“While equipment revenue fell short of expectations, we continue to see steady progress from Reinvention initiatives taken to date. Adjusted operating income and margin grew year-over-year, and the pending acquisition of ITsavvy will improve Xerox’s value proposition with clients, as well as the mix of revenue from growing businesses,” said Steve Bandrowczak, chief executive officer at Xerox.
- Revenue of $1.53 billion, down 7.5 percent, or 7.3 percent in constant currency.

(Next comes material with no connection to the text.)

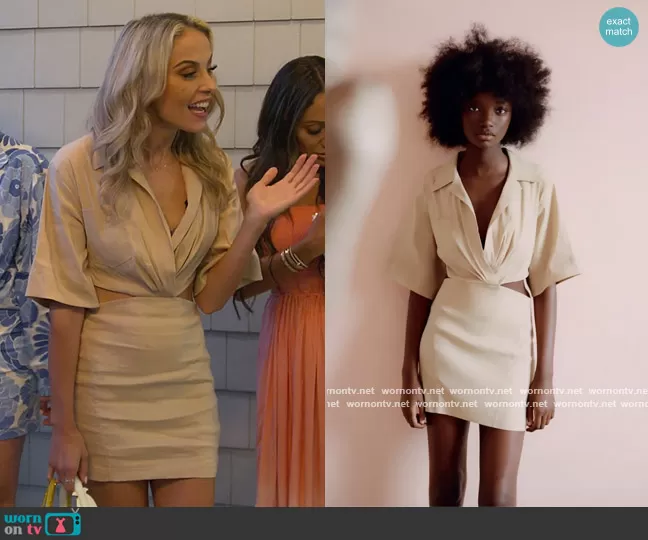 on The Real Housewives of New Jersey on Bravo was spotted wearing this khaki cutout mini dress on The Real Housewives of New Jersey on episode 'Jersey Shore Showdown' (12x05) in Mar 2022. 's Dress is the Khaki Cutout Dress by Zara . 's Shoes is the FF Stripe Low Top Sneakers by Fendi.

- GAAP net (loss) of $(1.2) billion, or $(9.71) per share, a decrease of $1.3 billion or $9.99 per share, year-over-year, respectively. This quarter includes an after-tax non-cash goodwill impairment charge of $1.0 billion, or $8.16 per share and a charge to tax expense related to the establishment of a valuation allowance of $161 million, or $1.29 per share.
- Adjusted net income of $34 million, or $0.25 per share, down $43 million or $0.21 per share, year-over-year, respectively.

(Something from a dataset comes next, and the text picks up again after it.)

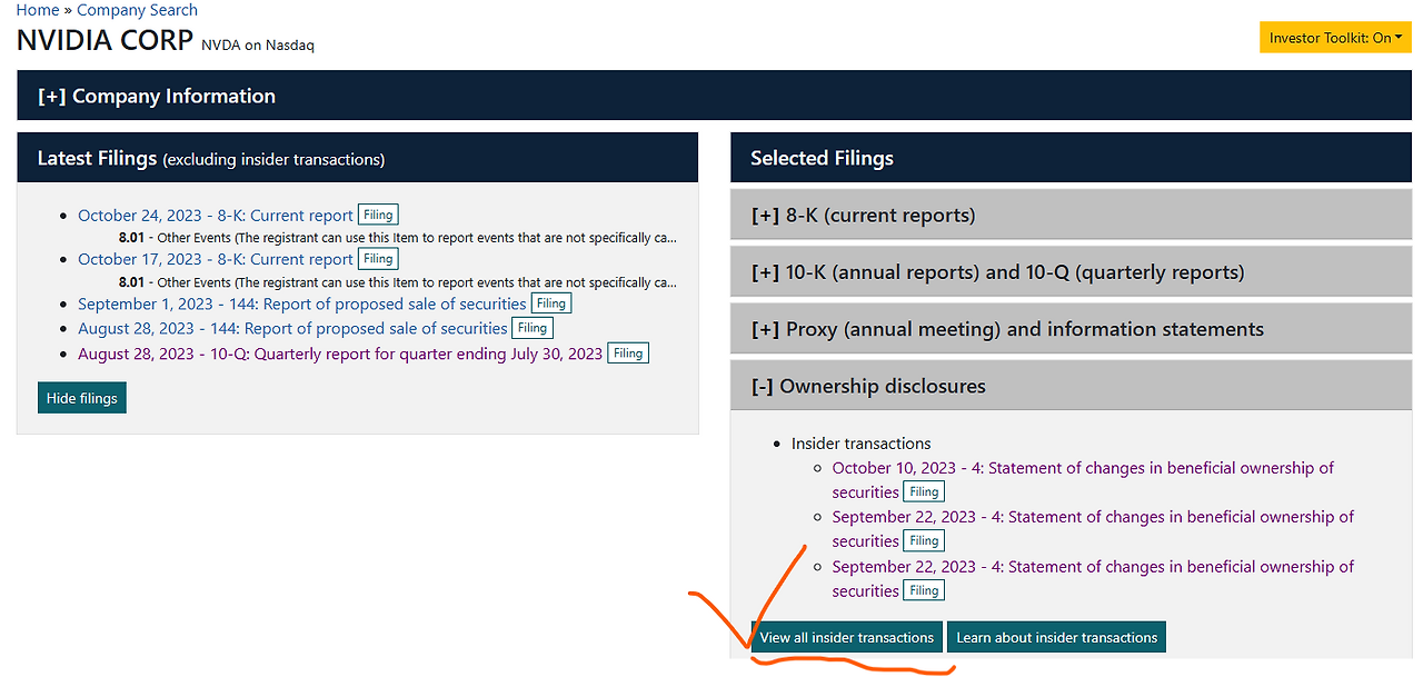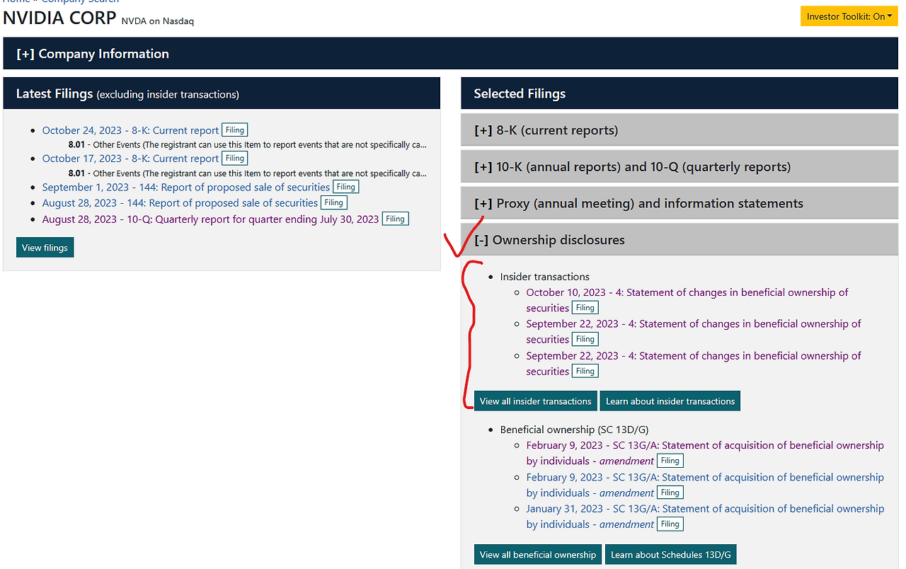 투자 전에 투자자들은, 내가 관심 있는 회사의 주가가 좋아질까?라고 고민할 때, 그 회사의 내부자들의 지분율을 함께 고려할 수 있습니다. 왜냐하면 많은 투자자들이 그 회사의 내부자가 회사의 주식을 매수하거나 매도하는 것이 알려지면, 회사의 성과나 전망에 대한 내부자의 관점을 간접적으로 드러낸다고 믿기 때문입니다. 물론 내부자들은 유동성 및 다양성 목적으로 포함하여 여러 가지 이유로 회사 증권을 매도할 수 있습니다. 따라서 SEC의 EDGAR에 공시된 Insider transactions의 Forms 3, 4 및 5를 통해 관련 내용을 확인할 수 있습니다.

- Adjusted operating margin of 5.2 percent, up 110 basis points year-over-year.
- Operating cash flow of $116 million, down $8 million year-over-year.

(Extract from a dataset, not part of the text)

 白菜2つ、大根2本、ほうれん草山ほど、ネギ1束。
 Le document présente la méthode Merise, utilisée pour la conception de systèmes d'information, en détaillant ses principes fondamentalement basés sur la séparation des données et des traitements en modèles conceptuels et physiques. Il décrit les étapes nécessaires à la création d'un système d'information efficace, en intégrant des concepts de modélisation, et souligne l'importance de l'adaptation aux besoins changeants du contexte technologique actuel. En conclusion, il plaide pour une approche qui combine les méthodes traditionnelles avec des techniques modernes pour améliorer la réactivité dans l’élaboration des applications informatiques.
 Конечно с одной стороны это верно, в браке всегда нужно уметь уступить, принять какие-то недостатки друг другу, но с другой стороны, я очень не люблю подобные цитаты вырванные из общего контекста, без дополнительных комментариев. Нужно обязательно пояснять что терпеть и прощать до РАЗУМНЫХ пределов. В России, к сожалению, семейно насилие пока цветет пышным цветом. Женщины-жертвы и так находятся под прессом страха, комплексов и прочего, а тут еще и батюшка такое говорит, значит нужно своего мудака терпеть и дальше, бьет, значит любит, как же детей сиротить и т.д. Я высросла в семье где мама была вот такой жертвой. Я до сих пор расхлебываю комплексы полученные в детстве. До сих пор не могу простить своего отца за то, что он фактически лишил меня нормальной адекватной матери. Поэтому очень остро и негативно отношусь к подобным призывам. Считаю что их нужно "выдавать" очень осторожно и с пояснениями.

- Free cash flow of $107 million, down $5 million year-over-year.
- Lowered 2024 revenue guidance to a decline of around 10% in constant currency, adjusted operating margin guidance to around 5.0%, and free cash flow guidance to a range of $450 to $500 million.
In Q3 2024, the company experienced improved financial results due to the benefits of Reinvention. The company experienced a second consecutive period of moderating revenue declines, year-over-year improvements in adjusted operating income and income margin, and over 100% free cash flow conversion from adjusted operating income. The pending acquisition of ITsavvy is expected to improve the mix of revenue from complementary, value-added businesses with higher underlying rates of revenue growth.
Equipment sales declined 12.2% in actual and constant currency, primarily due to fluctuations in backlog and other Reinvention actions. The remainder of the decline was primarily due to the delayed global launch of two new products, lower-than-expected improvements in sales force productivity, delays in the timing of installations associated with Hurricane Helene, unfavourable mix, and a large Production equipment sale in the prior year. Total equipment installations increased approximately 17.0% year-over-year, due to growth in entry level equipment.
Post-sale revenue declined 6.1% in actual currency, or 5.7% in constant currency, as compared to Q3 2023. This decline was primarily due to lower outsourcing and service revenue, intentional reductions in non-strategic revenue, and the effects of geographic simplification. Pre-tax loss decreased by approximately $1.1 billion, and a pre-tax, non-cash goodwill impairment charge of $1.1 billion ($1.0 billion after-tax) or $8.16 per share was included.
Adjusted operating income increased by $12 million as compared to Q3 2023, partially offset by lower selling, administrative, and general expenses associated with actions taken to simplify the organization. Revenue guidance was reduced from 5% to 6% in constant currency to about 10% in constant currency, reflecting the incremental effects of intentional reductions in non-strategic revenue and lower equipment revenue. Free cash flow guidance was reduced from at least $550 million to a range of $450 million to $500 million, reflecting the after-tax effects of the reduction in adjusted operating income guidance.